Okay – so how do we measure this closeness ? Luckily, there is a simple way to do this — using what is known as the Kullback-Leibler divergence! You can kind of think of this as a distance measure, but for probability distributions. But unlike a distance measure, this is not a symmetric measure. That is, for any two probability distributions p(𝛳) and q(𝛳), the KL divergence between p(𝛳) and q(𝛳) is not equal to the KL divergence between q(𝛳) and p(𝛳). If you are interested in the more technical aspects of the algorithm, there are many references available (for example see ). For now, we will stick to the simplistic explanation that the VB algorithm first initializes q0(𝛳) from a family of distributions Q and then iteratively tries to minimize the KL divergence. In the figure below, after certain iterations we find a distribution q*(𝛳), that has the smallest KL divergence to the true posterior p(𝛳| y, m). But wait, p(𝛳| y, m) depends on the model evidence p(y), which is hard to compute , so how can we measure the KL divergence between q(𝛳) and p(𝛳| y, m) ?

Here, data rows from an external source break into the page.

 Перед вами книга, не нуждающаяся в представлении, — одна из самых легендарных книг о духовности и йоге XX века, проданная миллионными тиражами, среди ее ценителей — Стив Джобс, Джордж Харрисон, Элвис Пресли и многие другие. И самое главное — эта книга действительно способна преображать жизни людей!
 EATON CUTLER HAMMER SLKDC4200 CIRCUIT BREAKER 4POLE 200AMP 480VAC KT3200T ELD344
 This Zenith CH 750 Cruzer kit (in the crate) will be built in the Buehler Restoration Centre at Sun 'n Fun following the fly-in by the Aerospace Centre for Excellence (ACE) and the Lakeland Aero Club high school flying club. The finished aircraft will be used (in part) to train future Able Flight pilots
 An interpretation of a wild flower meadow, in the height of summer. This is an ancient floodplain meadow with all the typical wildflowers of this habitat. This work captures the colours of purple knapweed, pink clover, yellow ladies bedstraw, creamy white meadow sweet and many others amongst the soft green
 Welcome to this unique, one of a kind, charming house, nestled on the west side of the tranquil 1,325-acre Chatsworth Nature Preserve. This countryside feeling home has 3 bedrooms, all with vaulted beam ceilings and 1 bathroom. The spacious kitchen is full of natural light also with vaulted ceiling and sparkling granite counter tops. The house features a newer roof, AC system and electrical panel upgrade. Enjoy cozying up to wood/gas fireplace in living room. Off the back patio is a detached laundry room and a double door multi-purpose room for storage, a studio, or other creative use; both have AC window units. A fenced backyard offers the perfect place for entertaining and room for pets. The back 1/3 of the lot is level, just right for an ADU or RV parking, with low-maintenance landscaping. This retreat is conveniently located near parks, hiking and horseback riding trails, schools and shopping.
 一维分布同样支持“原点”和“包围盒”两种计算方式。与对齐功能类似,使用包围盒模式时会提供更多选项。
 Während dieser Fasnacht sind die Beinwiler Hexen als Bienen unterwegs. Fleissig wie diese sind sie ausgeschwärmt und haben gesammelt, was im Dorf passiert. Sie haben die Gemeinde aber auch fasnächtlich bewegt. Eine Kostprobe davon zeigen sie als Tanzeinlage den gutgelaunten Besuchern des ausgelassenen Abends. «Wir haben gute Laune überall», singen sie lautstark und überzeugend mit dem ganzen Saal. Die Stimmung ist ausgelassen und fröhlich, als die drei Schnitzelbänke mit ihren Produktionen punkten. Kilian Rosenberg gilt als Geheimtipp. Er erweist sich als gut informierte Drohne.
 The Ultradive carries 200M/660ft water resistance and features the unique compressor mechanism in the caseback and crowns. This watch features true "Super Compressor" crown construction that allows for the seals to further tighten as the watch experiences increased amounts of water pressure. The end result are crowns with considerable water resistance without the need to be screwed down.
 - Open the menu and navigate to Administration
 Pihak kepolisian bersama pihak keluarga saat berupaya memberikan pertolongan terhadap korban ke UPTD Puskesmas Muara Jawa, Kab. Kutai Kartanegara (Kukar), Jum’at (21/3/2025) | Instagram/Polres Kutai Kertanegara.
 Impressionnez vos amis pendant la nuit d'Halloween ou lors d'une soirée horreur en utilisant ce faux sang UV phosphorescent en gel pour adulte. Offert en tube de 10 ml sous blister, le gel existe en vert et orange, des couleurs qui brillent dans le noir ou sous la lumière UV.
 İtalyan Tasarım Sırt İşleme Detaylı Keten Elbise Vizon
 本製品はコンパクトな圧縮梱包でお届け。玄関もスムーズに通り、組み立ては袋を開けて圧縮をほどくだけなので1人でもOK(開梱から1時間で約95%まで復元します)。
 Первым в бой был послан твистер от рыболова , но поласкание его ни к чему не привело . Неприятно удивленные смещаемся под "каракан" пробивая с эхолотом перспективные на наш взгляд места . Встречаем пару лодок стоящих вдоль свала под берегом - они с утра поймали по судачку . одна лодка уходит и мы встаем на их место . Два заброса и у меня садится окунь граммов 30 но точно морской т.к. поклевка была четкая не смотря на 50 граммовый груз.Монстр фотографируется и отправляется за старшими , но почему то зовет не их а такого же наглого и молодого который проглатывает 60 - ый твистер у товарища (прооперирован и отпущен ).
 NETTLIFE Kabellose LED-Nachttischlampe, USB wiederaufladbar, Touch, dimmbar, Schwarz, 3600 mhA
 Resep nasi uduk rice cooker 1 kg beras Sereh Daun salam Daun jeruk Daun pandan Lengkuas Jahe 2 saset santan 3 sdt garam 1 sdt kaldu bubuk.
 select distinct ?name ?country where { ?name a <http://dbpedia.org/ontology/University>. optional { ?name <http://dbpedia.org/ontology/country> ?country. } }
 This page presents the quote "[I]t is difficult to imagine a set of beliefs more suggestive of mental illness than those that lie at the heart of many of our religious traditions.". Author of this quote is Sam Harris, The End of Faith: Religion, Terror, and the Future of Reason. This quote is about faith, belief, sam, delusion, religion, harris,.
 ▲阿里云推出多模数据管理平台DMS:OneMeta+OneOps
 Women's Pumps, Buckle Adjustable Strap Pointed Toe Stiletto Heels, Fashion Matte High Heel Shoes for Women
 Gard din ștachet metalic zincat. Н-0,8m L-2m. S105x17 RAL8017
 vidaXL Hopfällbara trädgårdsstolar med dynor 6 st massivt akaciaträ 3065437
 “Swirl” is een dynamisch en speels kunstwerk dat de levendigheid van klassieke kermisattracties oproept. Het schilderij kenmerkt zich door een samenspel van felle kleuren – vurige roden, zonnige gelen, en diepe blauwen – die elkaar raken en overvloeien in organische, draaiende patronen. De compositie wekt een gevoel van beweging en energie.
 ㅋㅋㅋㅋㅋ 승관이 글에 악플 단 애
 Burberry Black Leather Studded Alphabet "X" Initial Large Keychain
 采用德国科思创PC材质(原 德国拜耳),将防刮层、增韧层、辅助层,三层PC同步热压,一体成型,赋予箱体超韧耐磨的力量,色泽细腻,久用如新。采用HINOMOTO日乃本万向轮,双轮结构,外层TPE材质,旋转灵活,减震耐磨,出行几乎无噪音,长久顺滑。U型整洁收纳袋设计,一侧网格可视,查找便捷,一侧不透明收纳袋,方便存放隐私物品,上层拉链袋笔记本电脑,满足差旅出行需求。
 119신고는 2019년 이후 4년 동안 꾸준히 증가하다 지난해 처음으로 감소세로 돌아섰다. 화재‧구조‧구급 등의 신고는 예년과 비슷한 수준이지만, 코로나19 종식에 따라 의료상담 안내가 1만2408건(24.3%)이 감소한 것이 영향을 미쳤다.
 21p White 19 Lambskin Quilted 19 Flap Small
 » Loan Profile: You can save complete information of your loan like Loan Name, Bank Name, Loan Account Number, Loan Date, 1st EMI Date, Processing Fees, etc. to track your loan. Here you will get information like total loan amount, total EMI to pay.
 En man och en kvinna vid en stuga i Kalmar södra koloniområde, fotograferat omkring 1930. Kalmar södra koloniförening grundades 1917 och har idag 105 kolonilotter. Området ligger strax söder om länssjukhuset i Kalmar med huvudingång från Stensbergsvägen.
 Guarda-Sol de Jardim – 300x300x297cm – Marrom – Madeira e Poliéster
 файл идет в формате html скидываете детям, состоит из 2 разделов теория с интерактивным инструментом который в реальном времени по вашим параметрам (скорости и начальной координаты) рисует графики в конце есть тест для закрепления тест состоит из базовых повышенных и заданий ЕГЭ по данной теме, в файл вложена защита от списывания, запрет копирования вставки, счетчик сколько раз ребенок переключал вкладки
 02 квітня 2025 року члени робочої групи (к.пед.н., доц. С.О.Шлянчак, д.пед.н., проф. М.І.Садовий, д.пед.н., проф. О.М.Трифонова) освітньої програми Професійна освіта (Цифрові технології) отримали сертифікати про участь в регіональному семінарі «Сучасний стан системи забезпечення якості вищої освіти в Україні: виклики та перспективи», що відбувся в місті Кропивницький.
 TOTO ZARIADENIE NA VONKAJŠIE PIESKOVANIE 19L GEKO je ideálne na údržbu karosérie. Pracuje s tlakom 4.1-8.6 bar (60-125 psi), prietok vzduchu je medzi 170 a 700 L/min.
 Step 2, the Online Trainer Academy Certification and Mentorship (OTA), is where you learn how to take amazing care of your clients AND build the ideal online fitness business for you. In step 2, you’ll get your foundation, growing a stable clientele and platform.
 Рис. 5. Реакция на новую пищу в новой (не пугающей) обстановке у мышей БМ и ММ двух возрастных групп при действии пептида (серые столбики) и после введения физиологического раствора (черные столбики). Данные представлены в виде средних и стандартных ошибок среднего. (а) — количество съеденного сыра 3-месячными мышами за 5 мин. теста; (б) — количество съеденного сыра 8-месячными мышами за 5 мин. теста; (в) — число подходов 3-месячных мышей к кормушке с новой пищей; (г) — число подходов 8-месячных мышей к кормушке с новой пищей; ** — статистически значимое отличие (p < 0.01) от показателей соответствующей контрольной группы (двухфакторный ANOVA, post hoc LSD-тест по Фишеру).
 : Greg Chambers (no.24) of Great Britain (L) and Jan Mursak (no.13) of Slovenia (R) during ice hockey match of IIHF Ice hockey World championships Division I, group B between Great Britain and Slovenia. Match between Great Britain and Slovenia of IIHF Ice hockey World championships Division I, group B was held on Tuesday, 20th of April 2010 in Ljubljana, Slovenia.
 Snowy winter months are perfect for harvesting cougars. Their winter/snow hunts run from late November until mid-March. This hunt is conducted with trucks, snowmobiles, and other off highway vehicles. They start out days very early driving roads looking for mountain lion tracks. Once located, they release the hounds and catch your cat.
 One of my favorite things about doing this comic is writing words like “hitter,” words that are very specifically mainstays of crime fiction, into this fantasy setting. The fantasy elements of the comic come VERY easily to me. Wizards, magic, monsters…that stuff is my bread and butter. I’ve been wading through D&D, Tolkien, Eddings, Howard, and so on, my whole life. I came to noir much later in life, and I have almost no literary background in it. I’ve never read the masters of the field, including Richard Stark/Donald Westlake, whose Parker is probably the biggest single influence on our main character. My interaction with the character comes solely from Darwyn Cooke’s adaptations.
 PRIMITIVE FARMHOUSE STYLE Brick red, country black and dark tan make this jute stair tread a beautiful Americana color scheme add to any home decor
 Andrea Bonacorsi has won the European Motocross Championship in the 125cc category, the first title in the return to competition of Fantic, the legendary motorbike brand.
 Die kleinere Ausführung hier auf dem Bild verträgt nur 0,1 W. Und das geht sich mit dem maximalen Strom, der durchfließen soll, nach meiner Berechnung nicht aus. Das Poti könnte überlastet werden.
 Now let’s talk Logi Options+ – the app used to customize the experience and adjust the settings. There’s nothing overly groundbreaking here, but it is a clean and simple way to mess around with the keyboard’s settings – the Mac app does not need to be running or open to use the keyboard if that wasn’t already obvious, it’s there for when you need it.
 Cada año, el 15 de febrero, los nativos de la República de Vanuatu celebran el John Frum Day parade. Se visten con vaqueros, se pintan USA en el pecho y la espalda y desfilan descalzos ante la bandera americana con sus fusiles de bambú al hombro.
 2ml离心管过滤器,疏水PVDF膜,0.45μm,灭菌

Figure 5 : Schematic of the iterative optimization in variational Bayes’ algorithm
Here is where things get a little complicated mathematically. Actually, what happens under the hood of the variational Bayesian algorithm is that KL divergence is minimized by actually maximizing another quantity. After a bit of mathematical manipulation,we can express model evidence as a sum of two quantities
Model evidence = L + KL divergence (q(𝛳), p(𝛳| y, m))
Since KL divergence is always greater than or equal to 0 (it is zero when q(𝛳) = p(𝛳| y, m)), model evidence > L. This term L is known as evidence lower bound (ELBO) (also known as negative variational free energy), as it is indeed the lower bound of the model evidence. When we try to maximize the ELBO , we are in turn minimizing the KL divergence, with the best case of KL divergence being equal to zero!
So those were the two important steps in DCM in a nutshell. In the next blogpost, we will look at how Bayesian model selection (i.e., choosing the best models given a set of candidate models) is performed in DCM, along with some applications to EEG data.
 Kiebel, S.J., Garrido, M.I., Moran, R., Chen, C.-C. and Friston, K.J. (2009), Dynamic causal modeling for EEG and MEG. Hum. Brain Mapp., 30: 1866-1876. https://doi.org/10.1002/hbm.20775
 Jansen, B.H. & Rit, V.G. (1995) Electroencephalogram and visual evoked potential generation in a mathematical model of coupled cortical columns.Biol. Cybern., 73, 357±366.
 Wendling, F., et al. “Epileptic fast activity can be explained by a model of impaired GABAergic dendritic inhibition.” European Journal of Neuroscience 15.9 (2002): 1499-1508.
 Wendling, F., and P. Chauvel. “Transition to ictal activity in temporal lobe epilepsy: insights from macroscopic models.” Computational neuroscience in epilepsy. Academic Press, 2008. 356-XIV.
 Blei, D. M., Kucukelbir, A., & McAuliffe, J. D. (2017). Variational inference: A review for statisticians. Journal of the American Statistical Association, 112(518), 859–877.